Highlights & Insights¶

[EoT] as the mapping target is the central contribution—more effective and less damaging to general knowledge than direct keyword remapping, as [EoT] encodes holistic prompt semantics rather than isolated concepts.
The two-stage cooperative design is conceptually elegant: the textual stage "defuses" the malicious semantics, while the denoising stage acts as a "safety lock."
Reducing adversarial ASR to approximately 1% represents a breakthrough result in this field.
Fine-tuning requires only 300 seconds on a single RTX 4090, making the method highly practical.

Limitations & Future Work¶

Evaluation is conducted on SD1.4; generalization to newer architectures such as SDXL and SD3 remains to be verified.
The closed-form modification of cross-attention matrices may accumulate errors across multiple iterative erasure passes.
Edge cases involving highly sophisticated adversarial prompt engineering may still exist.

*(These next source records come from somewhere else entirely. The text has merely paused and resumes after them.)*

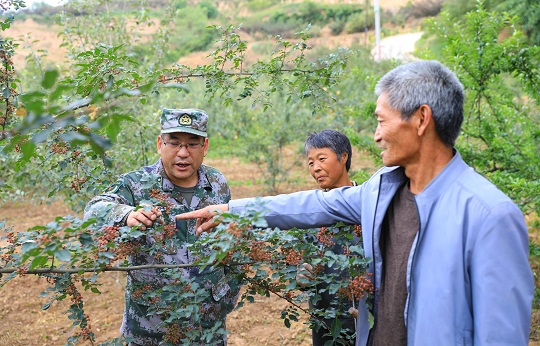 張洪峰在田間地頭了解花椒價(jià)格,探討培育技術(shù)。李棟 攝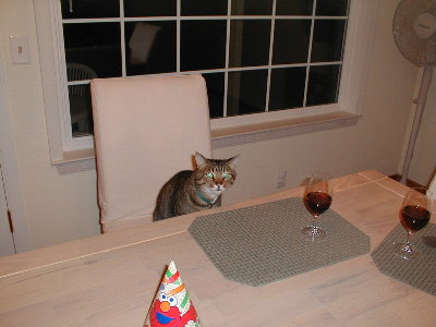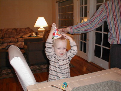 with Mommy, Daddy, Andy, & Amelia. We wore party hats, sang Happy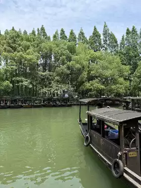 If you're visiting Shanghai or Hangzhou, you must make a trip to Wuzhen. It's about 1 hour and 50 minutes by car from Shanghai, so it's best to leave early in the morning around 7-8 AM to avoid traffic and have more time to explore. Our group left at 10 AM, which led to some traffic congestion. If you get car sick, it might be a bit tiring. Luckily, we had a very helpful driver who bought tickets for Tây Sách for us at 150 RMB per person and boat tickets at 50 RMB per person (the boat fits 8 people). Alternatively, you can walk, but taking the boat is highly recommended!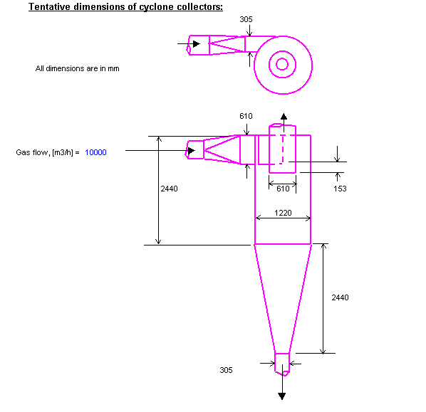 tentative dimensions of cyclones collectors: Here we can see the file of tentative dimensions of cyclone collectors. If you are subscriber, click below to download the spreadsheet . |

Concept erasure: ESD, UCE, RECE, MACE, SPM, AdvUnlearn
Red-teaming attacks: P4D, MMA, Ring-A-Bell, UnlearnDiff
Inference-time guidance: SLD, Safree

Rating¶

Novelty: ★★★★☆ — The [EoT] mapping target and two-stage cooperative design are novel and practically motivated.
Technical Depth: ★★★★★ — Demonstrates a deep understanding of the internal mechanisms of diffusion models.
Experimental Thoroughness: ★★★★★ — Evaluation spans 5 attack types, multi-concept settings, and ablation studies, providing comprehensive coverage.
Writing Quality: ★★★★☆ — Problem motivation is clearly articulated, and the two-stage logic is presented with a natural progression.